··· Records supplied ···

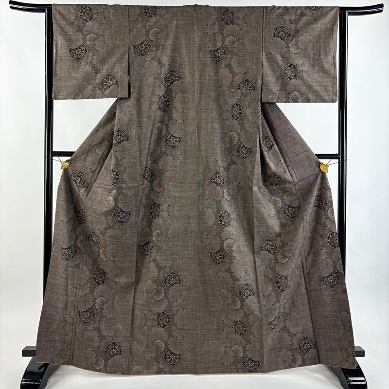 【紬】 茶系 焦茶色 秀品 A 約160cm~約169cm 裄丈63cm-64cm (S)size 袖丈46cm以下 7990-9980 美品 二万以下
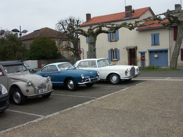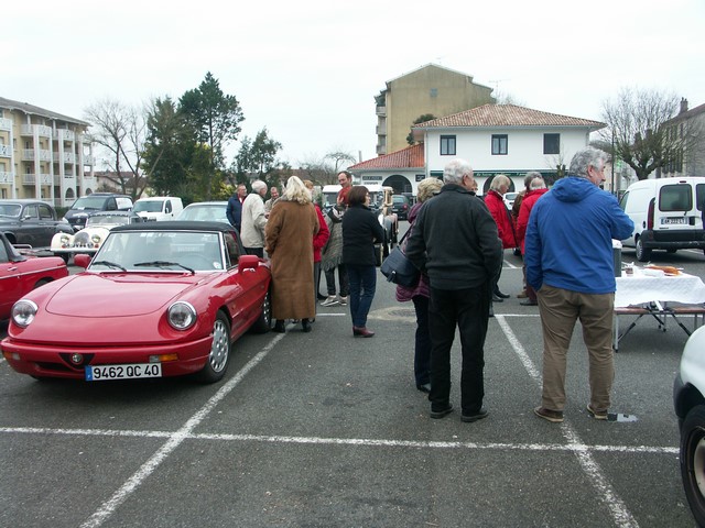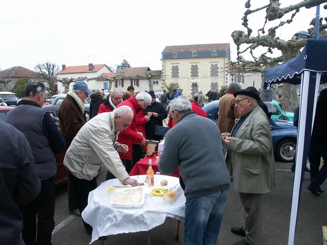 Au bout de deux heures à allure de Sénateur, surveillés par un "gendarme" qui nous protégeait aux carrefours, arrivés place de Grenade, nous avons été rejoints par une dixaine d’anciennes de clubs voisins et une moto deux roues motrices, pour prendre un petit déjeuner campagnard comme on les aime.
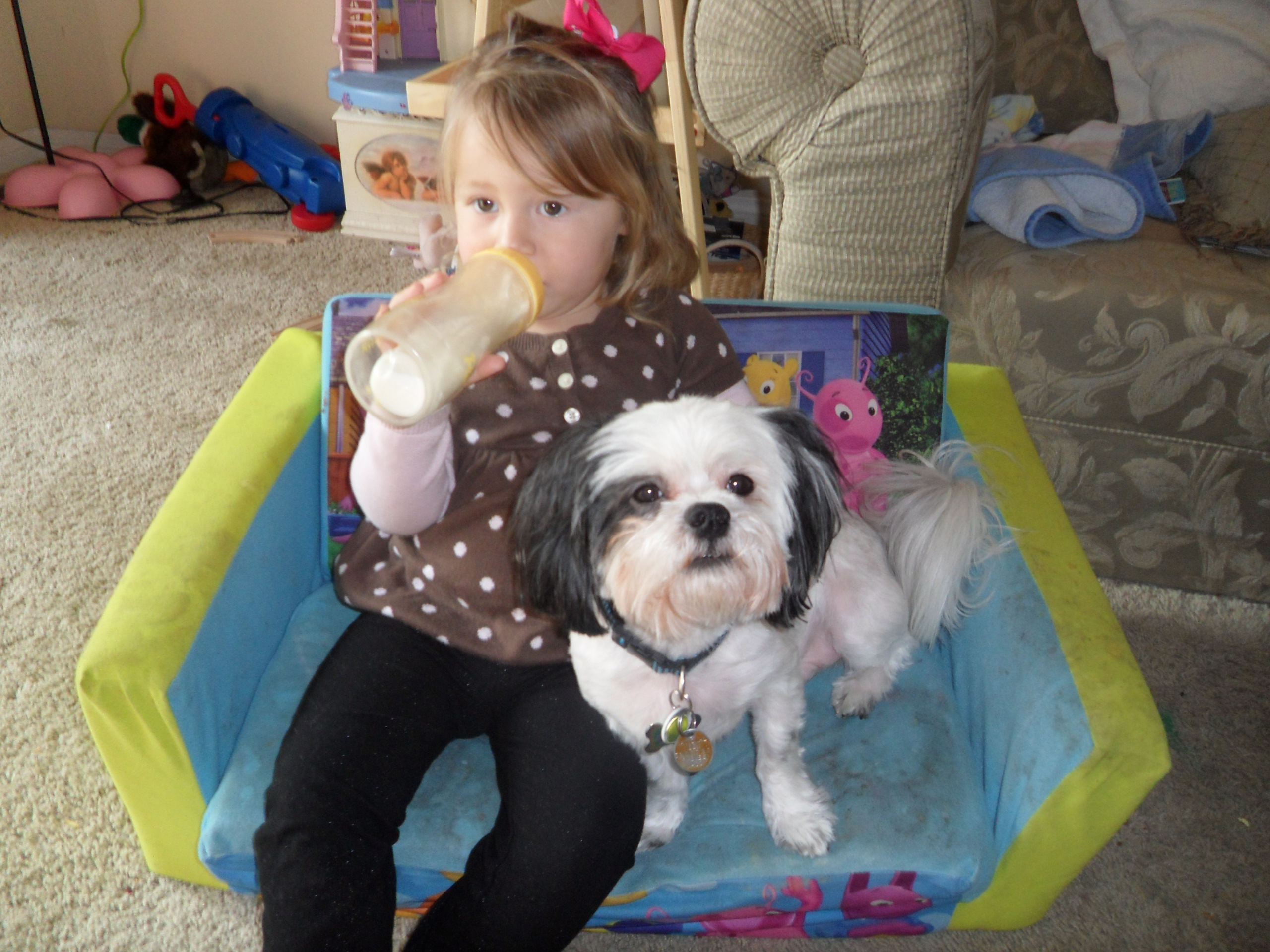 Såhär satt Abbie och Tuffisen idag när ja stog i köket o grejja lunch.. haha så söta.
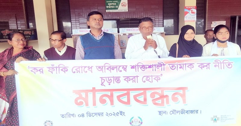 শক্তিশালী তামাক কর নীতির দাবিতে শ্রীমঙ্গলে মানববন্ধন
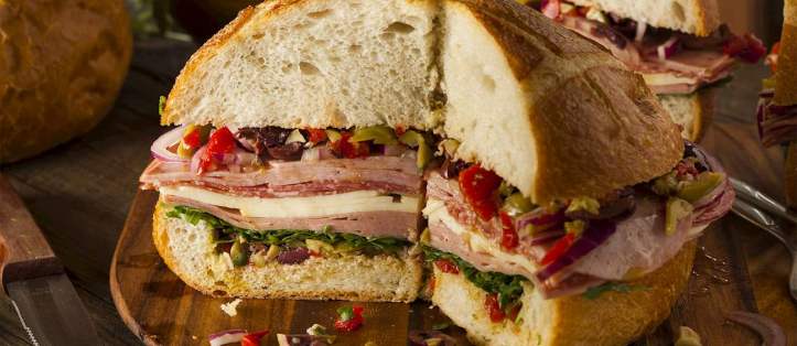 Muffuletta, zeytin salatası, salam, jambon, mortadella, mozzarella ve provolone gibi peynirlerle doldurulmuş bölünmüş somundan oluşan büyük bir sandviçtir. Başlangıçta New Orleans’ta İtalyan göçmenler tarafından yapıldı.
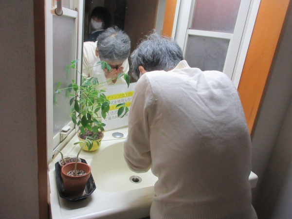 玄関で朝の挨拶された後は、洗面台にて手洗いにうがいをしていただきます

···

### Task directions
An exact copy is needed of the stretch above that opens with the line containing "Såhär satt Abbie" and closes with the line containing "শক্তিশালী তামাক কর"; the pictures are not part of it.

### Reply
 Såhär satt Abbie och Tuffisen idag när ja stog i köket o grejja lunch.. haha så söta.
 শক্তিশালী তামাক কর নীতির দাবিতে শ্রীমঙ্গলে মানববন্ধন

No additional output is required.